3.27.2011

Lent 3: Living water is moving water

It was five years ago this summer that I spent eleven weeks as a hospital chaplaincy intern as part of my preparation for becoming a pastor. I’m still willing to claim hospital chaplaincy as the hardest thing I’ve ever had to do - a daily mix of dealing with physical pain, blood and needles, worried and grieving family members, and ordinary people made anxious and vulnerable by having to wear hospital gowns and having to be tethered to IV poles.

As silly as it sounds, there was one discovery that I made that helped my summer immensely: on each wing, there was a small room that contained, among other things, a stack of styrofoam cups, an ice machine, a water cooler, a coffee pot, and a cabinet full of small boxes of tissues.

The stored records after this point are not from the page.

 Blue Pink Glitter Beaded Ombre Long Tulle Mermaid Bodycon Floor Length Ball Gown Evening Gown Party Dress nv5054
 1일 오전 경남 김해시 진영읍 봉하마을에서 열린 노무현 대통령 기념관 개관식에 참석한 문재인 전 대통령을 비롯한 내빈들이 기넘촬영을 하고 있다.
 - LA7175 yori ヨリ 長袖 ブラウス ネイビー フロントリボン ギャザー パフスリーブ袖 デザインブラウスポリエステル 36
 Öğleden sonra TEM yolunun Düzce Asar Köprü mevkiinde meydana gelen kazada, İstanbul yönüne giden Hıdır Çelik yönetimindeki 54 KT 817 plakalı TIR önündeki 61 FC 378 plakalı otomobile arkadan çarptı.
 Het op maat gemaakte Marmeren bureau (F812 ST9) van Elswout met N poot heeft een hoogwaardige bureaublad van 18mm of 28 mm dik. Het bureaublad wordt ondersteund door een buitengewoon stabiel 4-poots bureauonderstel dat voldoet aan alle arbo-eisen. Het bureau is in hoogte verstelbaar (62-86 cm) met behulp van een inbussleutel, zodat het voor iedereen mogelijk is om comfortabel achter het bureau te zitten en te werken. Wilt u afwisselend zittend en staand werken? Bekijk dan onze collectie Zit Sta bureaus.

On my worst days, at the hardest moments, if I could do nothing else, I could always offer people a cup of ice water and a Kleenex. Water is what could get me in the door, it was what I could offer to people as a peace offering to prove that I was kind and harmless. Thirst for water was a common need, and once physical thirst had been taken care of, people would begin to open up about their other thirsts. My ministry of “water and tissues,” as I called it, was a safe way for people to feel comfortable venturing into the less safe spaces of their souls. It was a safe way for me to venture into rooms and into people’s lives during what was, for me, quite the unsafe but fulfilling summer.

***

Jesus came to a Samaritan city called Sychar, near the plot of ground that Jacob had given to his son Joseph. Jacob's well was there, and Jesus, tired out by his journey, was sitting by the well. It was about noon.

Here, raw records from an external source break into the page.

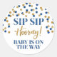 Sip Sip Hooray baby está no caminho chá de fraldas favor etiqueta adesiva com padrão de configuração azul e dourado. Perfeito para um chá de fraldas decorar champanhe ou garrafas de vinho.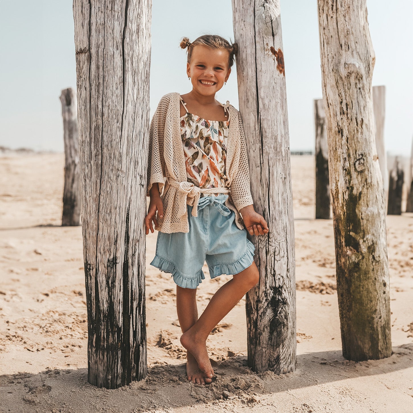 De Regina short is de ideale toevoeging aan de zomergarderobe van jouw kindje en is verkrijgbaar vanaf maat 80 tot 140. De short is uitgevoerd in 100% katoen en is daardoor heerlijk luchtig. De Regina short sluit door middel van een knoop met ritssluiting en heeft elastiek in de achterkant van de broeksrand voor de mooiste pasvorm. Verder heeft de short ook een ceintuur die je door de lusjes kunt doen om de broek al helemaal perfect op het lichaam van je kindje af te stemmen, maar je kan de short natuurlijk ook zonder het ceintuur dragen. Het Regina short is eigenlijk met alles wel te combineren, maar wij vinden het de leukste match met de Esmee top en de Rosalyn kimono. Heb jij het fijne Regina short al aan je winkelmandje toegevoegd?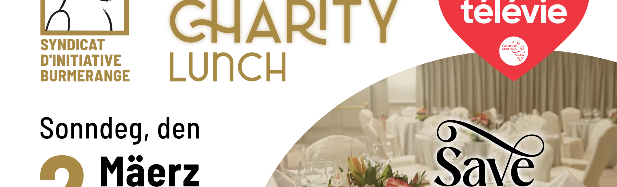 De SIB invitéiert Iech e Sonndeg, den 2. Mäerz 2025 vun 11:30 Auer un, op hiren Télévie Charity Lunch am Centre Maus Ketti (CMK) zu Boermereng.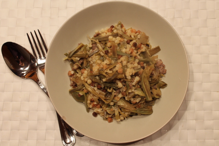 - Nel frattempo, rosolare la salsiccia spellata e sminuzzata in un'ampia padella senza aggiunta di condimenti. Unire anche i carciofi e portare a cottura con, eventualmente, un goccio di acqua di cottura della fregola (devono restare croccantini!).

A Samaritan woman came to draw water, and Jesus said to her, "Give me a drink." The Samaritan woman said to him, "How is it that you, a Jew, ask a drink of me, a woman of Samaria?"

Jesus answered the woman, "If you knew the gift of God, and who it is that is saying to you, 'Give me a drink,' you would have asked him, and he would have given you living water." The woman, misunderstanding what he meant when he said “living water,” said to him, "Sir, you have no bucket, and the well is deep. Where do you get that living water?”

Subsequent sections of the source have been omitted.